Name Brand doesn’t always translate to success: Sticking with the same theme the name brand doesn’t matter. Kentucky hasn’t been a great team in two years, the one and done isn’t working as well as it originally had and teams with more experience and chemistry have caught up. However, like our Kansas example many teams like Kentucky had a down year last season. North Carolina is still reeling from the loss of Roy Williams but for some reason was ranked #19 in the first poll. They have since corrected as UNC continues to falter but their performance last year combined with the loss of their coaching staple afforded them an opportunity to be ranked headed into the season? In any other situation a team losing their head coach and having a bad year would not result in a #19 ranking. Going forward understand the writing on the wall, evaluate each team for what they have done for you lately and take into consideration that a Texas Tech may be better than North Carolina even though they aren’t the school that produced NBA legends. 

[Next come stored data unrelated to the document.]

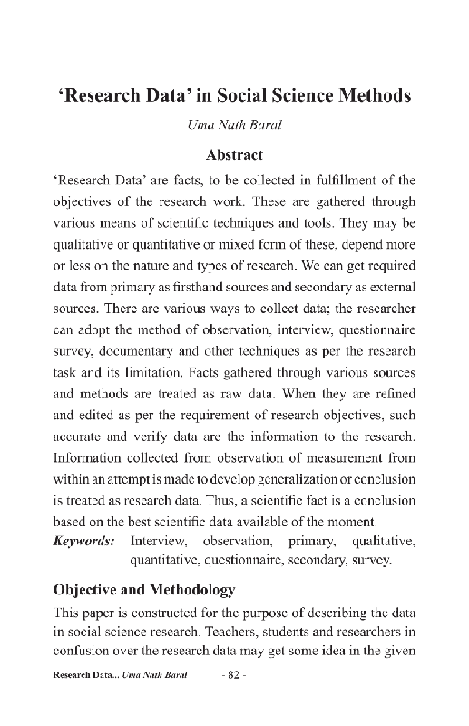 PDF | p>‘Research Data’ are facts, to be collected in fulfillment of the objectives of the research work. These are gathered through various means of... | Find, read and cite all the research you need on ResearchGate
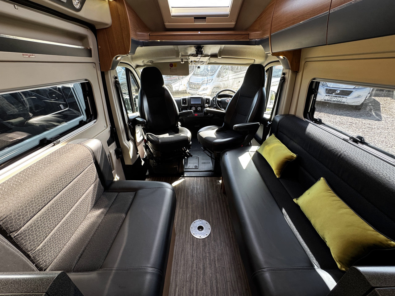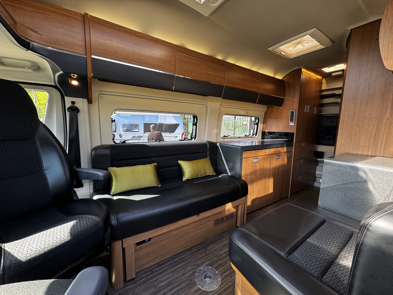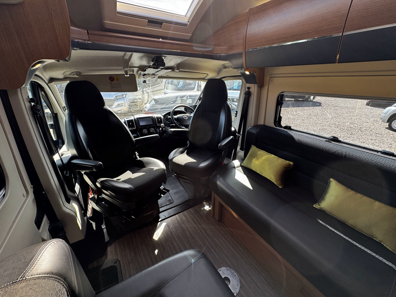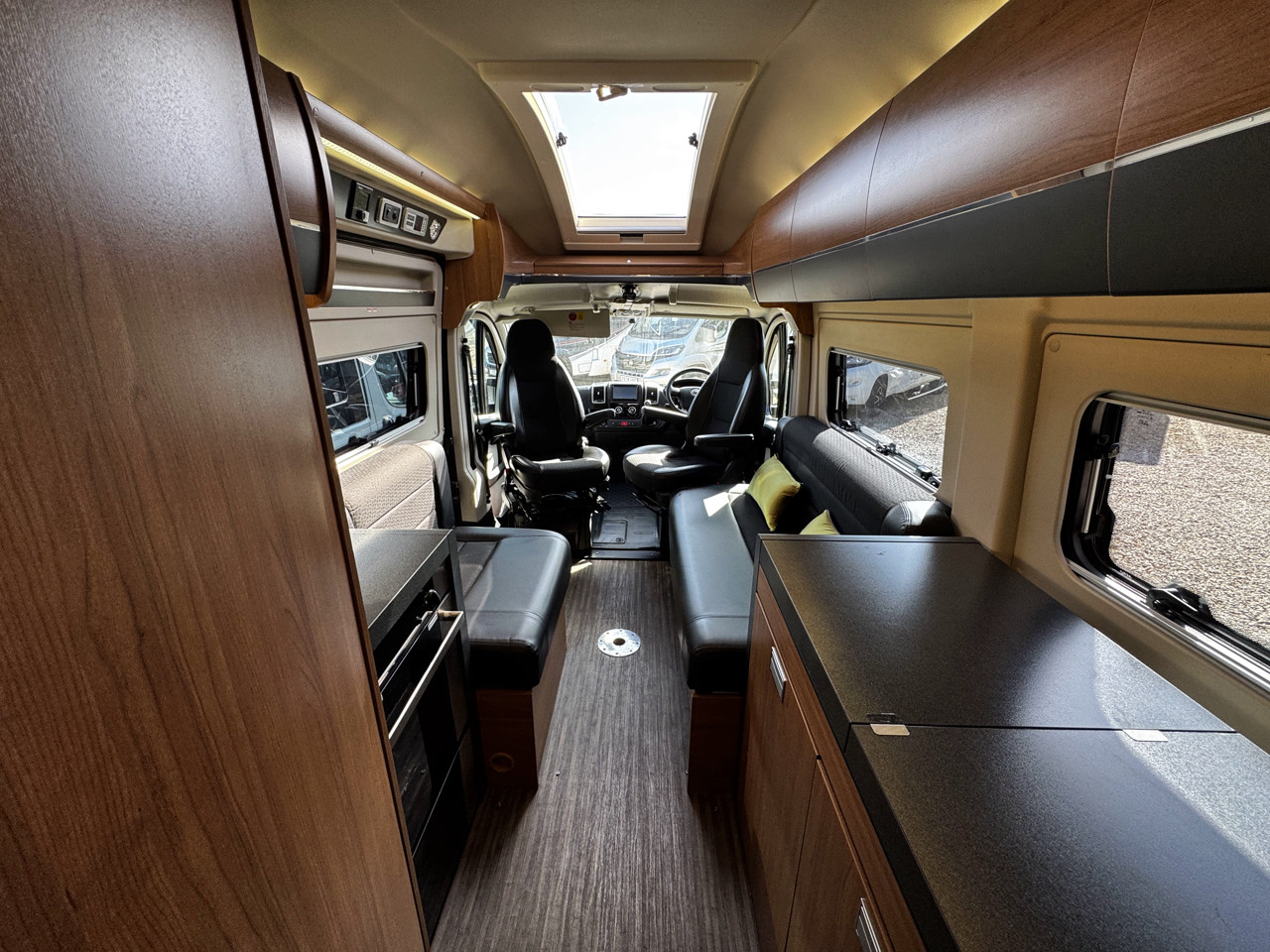 The layout features twin side settees, creating a bright and sociable lounge area that easily converts into a comfortable sleeping space. The interior is finished with leather-type upholstery, giving the van a modern and premium feel, while the compact size makes it ideal for both everyday use and touring.
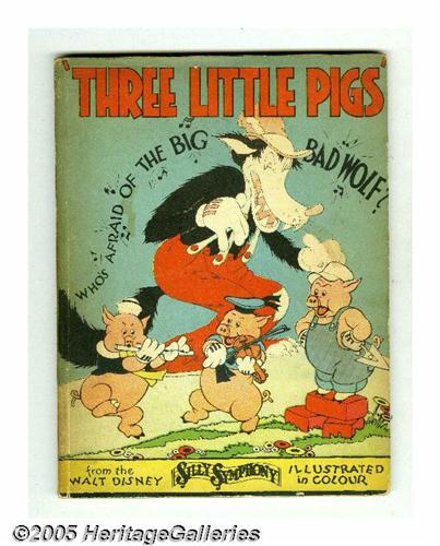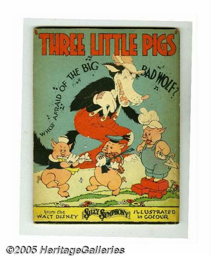 <B>Three Little Pigs - British (Walt Disney Mickey Mouse Limited, 1934).</B></I> While veteran Disney collectors are familiar with the attractive Blue Ribbon Books edition of <B>Three Little Pigs</B></I>, offered here is the much scarcer British edition! Published by Mickey Mouse Limited in 1934, the wonderful cover illustration is truly reflective of the joy and spontaneity of the early Disney cartoon. With a pulp stock interior and black and white Disney studio illustrations, the square bound covers are made of a heavier slick stock. The spine is complete. Book has a few very light spots, some light aging - really a tough one to find! <I>From the Larry Jacobs Collection.</B></I>

Unproductive doesn’t mean safe: Finally and what feels most important, unproductive doesn’t mean safe. What do we mean by this? If #7 USC continues to win games they should be able to jump #4 Gonzaga who plays in a two bid conference maximum. Generally, Gonzaga is the biggest target in this because they are the most successful mid-major school in history* but when you win 12-16 games because you show up it doesn’t move the meter and shouldn’t for the voters. A team that is playing tougher competition should be rewarded and should be able to jump teams even if the teams above them don’t lose. Shuffle the deck, make teams work just because Gonzaga can beat teams that would be perennial bottom tier teams in a different conference doesn’t mean they should be rewarded for going through the motions. While they did schedule hard outside of the conference if you aren’t consistently defending your ranking it should be up for grabs every week. Some objectors will say this is a penalty for a poor conference. Gonzaga could eventually leave, conferences shuffle all the time, yet they haven’t so why would we reward them while a Purdue, Baylor and Duke get challenged almost every night? 

 

No ranking is perfect and while the AP is considered the best the flaws that continue to show season after season need to be addressed. Going forward, if you are at home or ranking college basketball yourself, consider everything. Sometimes it is easier to start with a blank slate than your preconceived opinion about a program.  

*I am willing to listen to arguments but I can’t think of a team that has done it like the Zags.